> [Exercise aim]
Exact copy required. Repeat the records, but keep the pictures out.

(Recorded data)

------------------------------------------------------------------------

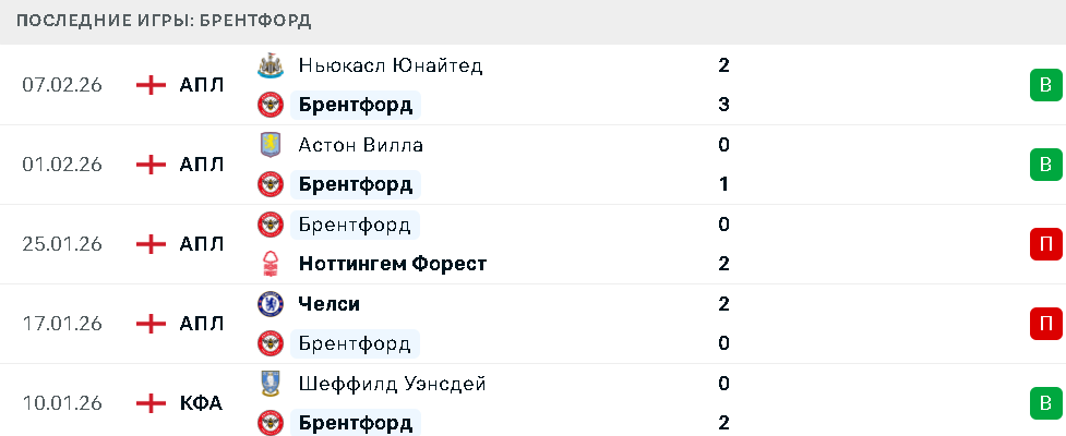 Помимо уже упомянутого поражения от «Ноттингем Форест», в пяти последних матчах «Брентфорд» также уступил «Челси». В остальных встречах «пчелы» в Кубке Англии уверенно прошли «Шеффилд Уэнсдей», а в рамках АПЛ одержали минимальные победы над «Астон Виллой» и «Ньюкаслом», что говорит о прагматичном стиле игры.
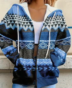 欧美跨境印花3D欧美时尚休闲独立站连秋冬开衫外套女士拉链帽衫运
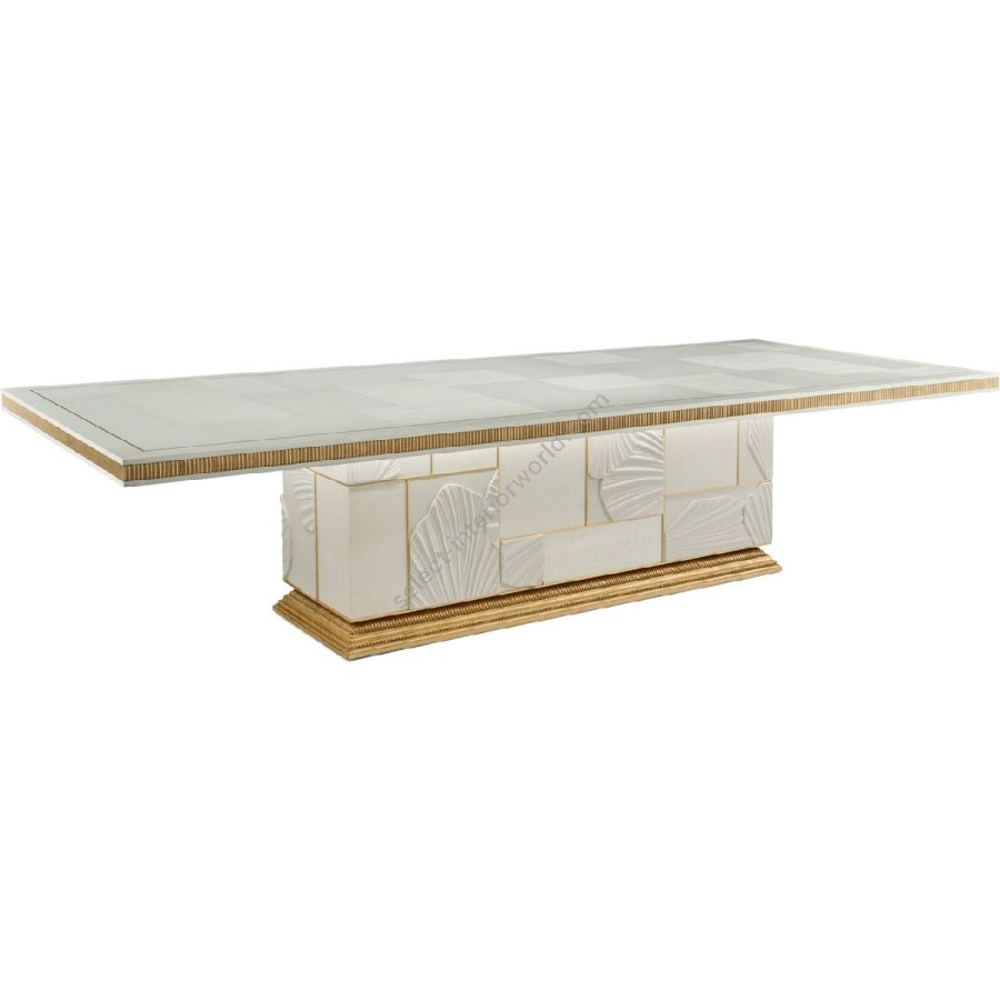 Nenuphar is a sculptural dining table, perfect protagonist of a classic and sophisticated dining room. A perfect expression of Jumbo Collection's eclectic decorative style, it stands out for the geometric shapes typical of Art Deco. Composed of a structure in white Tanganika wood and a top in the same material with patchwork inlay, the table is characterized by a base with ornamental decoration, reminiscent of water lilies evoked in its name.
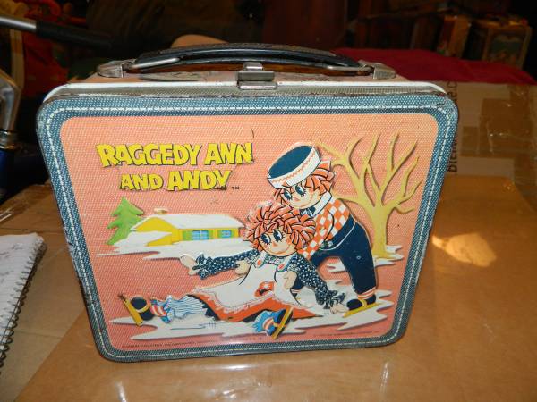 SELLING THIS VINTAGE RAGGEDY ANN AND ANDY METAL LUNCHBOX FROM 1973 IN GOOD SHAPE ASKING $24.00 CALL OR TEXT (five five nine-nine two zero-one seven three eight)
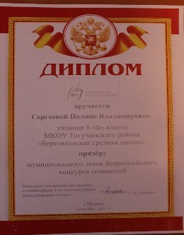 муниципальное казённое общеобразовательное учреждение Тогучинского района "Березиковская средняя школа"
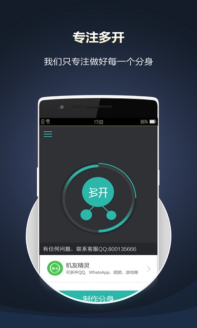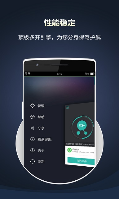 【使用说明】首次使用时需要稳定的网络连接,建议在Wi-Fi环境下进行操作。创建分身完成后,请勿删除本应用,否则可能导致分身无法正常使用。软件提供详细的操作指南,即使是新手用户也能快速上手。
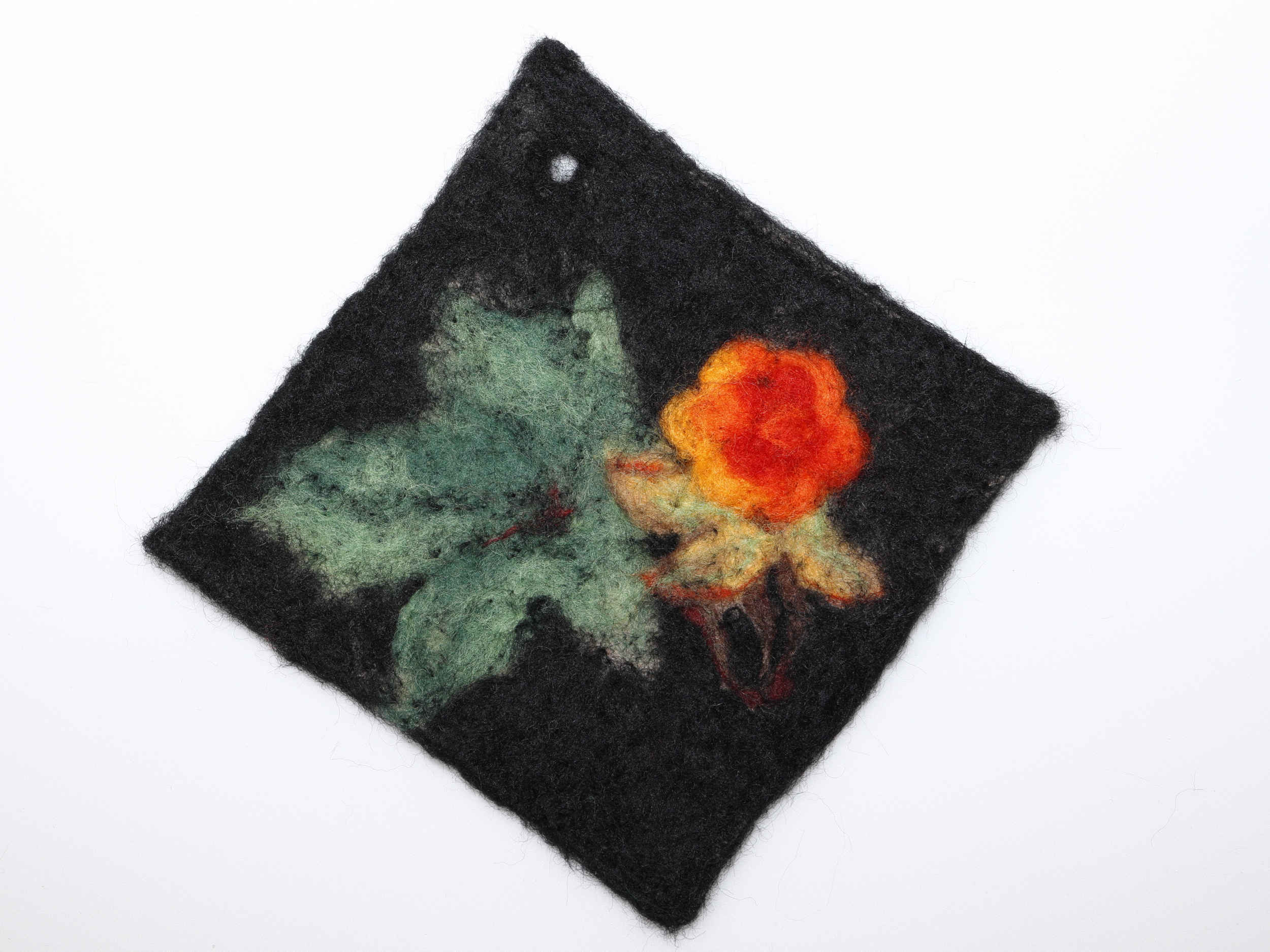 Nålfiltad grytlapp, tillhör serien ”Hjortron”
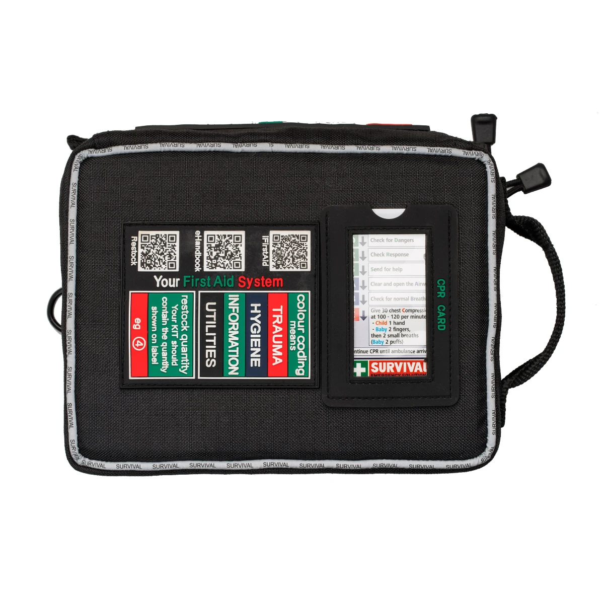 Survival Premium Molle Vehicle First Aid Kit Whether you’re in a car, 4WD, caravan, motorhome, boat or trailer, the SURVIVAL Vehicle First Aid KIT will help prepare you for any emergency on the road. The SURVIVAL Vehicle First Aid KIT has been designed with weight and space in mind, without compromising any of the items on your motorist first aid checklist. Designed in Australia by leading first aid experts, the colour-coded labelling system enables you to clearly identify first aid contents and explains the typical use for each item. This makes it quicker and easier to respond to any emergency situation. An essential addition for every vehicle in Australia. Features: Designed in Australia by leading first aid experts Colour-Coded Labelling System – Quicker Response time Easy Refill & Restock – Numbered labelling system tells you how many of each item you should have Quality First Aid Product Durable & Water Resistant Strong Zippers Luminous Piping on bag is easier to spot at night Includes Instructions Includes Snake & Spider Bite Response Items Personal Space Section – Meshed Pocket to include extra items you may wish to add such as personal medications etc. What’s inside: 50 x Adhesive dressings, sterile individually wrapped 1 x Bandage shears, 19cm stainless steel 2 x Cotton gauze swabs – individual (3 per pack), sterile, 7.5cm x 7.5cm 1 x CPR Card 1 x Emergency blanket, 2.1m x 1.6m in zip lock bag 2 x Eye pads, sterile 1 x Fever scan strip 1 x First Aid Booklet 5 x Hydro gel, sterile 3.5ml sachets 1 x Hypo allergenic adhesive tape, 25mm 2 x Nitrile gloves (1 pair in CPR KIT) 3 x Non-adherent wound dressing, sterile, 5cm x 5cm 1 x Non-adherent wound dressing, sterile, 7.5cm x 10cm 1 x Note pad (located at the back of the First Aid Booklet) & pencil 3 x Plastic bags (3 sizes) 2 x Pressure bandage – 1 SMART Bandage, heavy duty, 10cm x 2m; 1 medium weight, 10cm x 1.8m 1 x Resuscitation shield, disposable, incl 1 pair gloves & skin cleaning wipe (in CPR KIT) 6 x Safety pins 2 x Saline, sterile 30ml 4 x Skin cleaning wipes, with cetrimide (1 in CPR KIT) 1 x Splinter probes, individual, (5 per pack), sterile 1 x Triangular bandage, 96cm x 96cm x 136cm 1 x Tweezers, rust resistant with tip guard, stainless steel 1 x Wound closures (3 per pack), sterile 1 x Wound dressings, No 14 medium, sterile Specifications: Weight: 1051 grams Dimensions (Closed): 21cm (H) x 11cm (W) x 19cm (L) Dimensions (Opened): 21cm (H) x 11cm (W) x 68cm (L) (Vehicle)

------------------------------------------------------------------------

> [Written response]
 Помимо уже упомянутого поражения от «Ноттингем Форест», в пяти последних матчах «Брентфорд» также уступил «Челси». В остальных встречах «пчелы» в Кубке Англии уверенно прошли «Шеффилд Уэнсдей», а в рамках АПЛ одержали минимальные победы над «Астон Виллой» и «Ньюкаслом», что говорит о прагматичном стиле игры.
 欧美跨境印花3D欧美时尚休闲独立站连秋冬开衫外套女士拉链帽衫运
 Nenuphar is a sculptural dining table, perfect protagonist of a classic and sophisticated dining room. A perfect expression of Jumbo Collection's eclectic decorative style, it stands out for the geometric shapes typical of Art Deco. Composed of a structure in white Tanganika wood and a top in the same material with patchwork inlay, the table is characterized by a base with ornamental decoration, reminiscent of water lilies evoked in its name.
 SELLING THIS VINTAGE RAGGEDY ANN AND ANDY METAL LUNCHBOX FROM 1973 IN GOOD SHAPE ASKING $24.00 CALL OR TEXT (five five nine-nine two zero-one seven three eight)
 муниципальное казённое общеобразовательное учреждение Тогучинского района "Березиковская средняя школа"
 【使用说明】首次使用时需要稳定的网络连接,建议在Wi-Fi环境下进行操作。创建分身完成后,请勿删除本应用,否则可能导致分身无法正常使用。软件提供详细的操作指南,即使是新手用户也能快速上手。
 Nålfiltad grytlapp, tillhör serien ”Hjortron”
 Survival Premium Molle Vehicle First Aid Kit Whether you’re in a car, 4WD, caravan, motorhome, boat or trailer, the SURVIVAL Vehicle First Aid KIT will help prepare you for any emergency on the road. The SURVIVAL Vehicle First Aid KIT has been designed with weight and space in mind, without compromising any of the items on your motorist first aid checklist. Designed in Australia by leading first aid experts, the colour-coded labelling system enables you to clearly identify first aid contents and explains the typical use for each item. This makes it quicker and easier to respond to any emergency situation. An essential addition for every vehicle in Australia. Features: Designed in Australia by leading first aid experts Colour-Coded Labelling System – Quicker Response time Easy Refill & Restock – Numbered labelling system tells you how many of each item you should have Quality First Aid Product Durable & Water Resistant Strong Zippers Luminous Piping on bag is easier to spot at night Includes Instructions Includes Snake & Spider Bite Response Items Personal Space Section – Meshed Pocket to include extra items you may wish to add such as personal medications etc. What’s inside: 50 x Adhesive dressings, sterile individually wrapped 1 x Bandage shears, 19cm stainless steel 2 x Cotton gauze swabs – individual (3 per pack), sterile, 7.5cm x 7.5cm 1 x CPR Card 1 x Emergency blanket, 2.1m x 1.6m in zip lock bag 2 x Eye pads, sterile 1 x Fever scan strip 1 x First Aid Booklet 5 x Hydro gel, sterile 3.5ml sachets 1 x Hypo allergenic adhesive tape, 25mm 2 x Nitrile gloves (1 pair in CPR KIT) 3 x Non-adherent wound dressing, sterile, 5cm x 5cm 1 x Non-adherent wound dressing, sterile, 7.5cm x 10cm 1 x Note pad (located at the back of the First Aid Booklet) & pencil 3 x Plastic bags (3 sizes) 2 x Pressure bandage – 1 SMART Bandage, heavy duty, 10cm x 2m; 1 medium weight, 10cm x 1.8m 1 x Resuscitation shield, disposable, incl 1 pair gloves & skin cleaning wipe (in CPR KIT) 6 x Safety pins 2 x Saline, sterile 30ml 4 x Skin cleaning wipes, with cetrimide (1 in CPR KIT) 1 x Splinter probes, individual, (5 per pack), sterile 1 x Triangular bandage, 96cm x 96cm x 136cm 1 x Tweezers, rust resistant with tip guard, stainless steel 1 x Wound closures (3 per pack), sterile 1 x Wound dressings, No 14 medium, sterile Specifications: Weight: 1051 grams Dimensions (Closed): 21cm (H) x 11cm (W) x 19cm (L) Dimensions (Opened): 21cm (H) x 11cm (W) x 68cm (L) (Vehicle)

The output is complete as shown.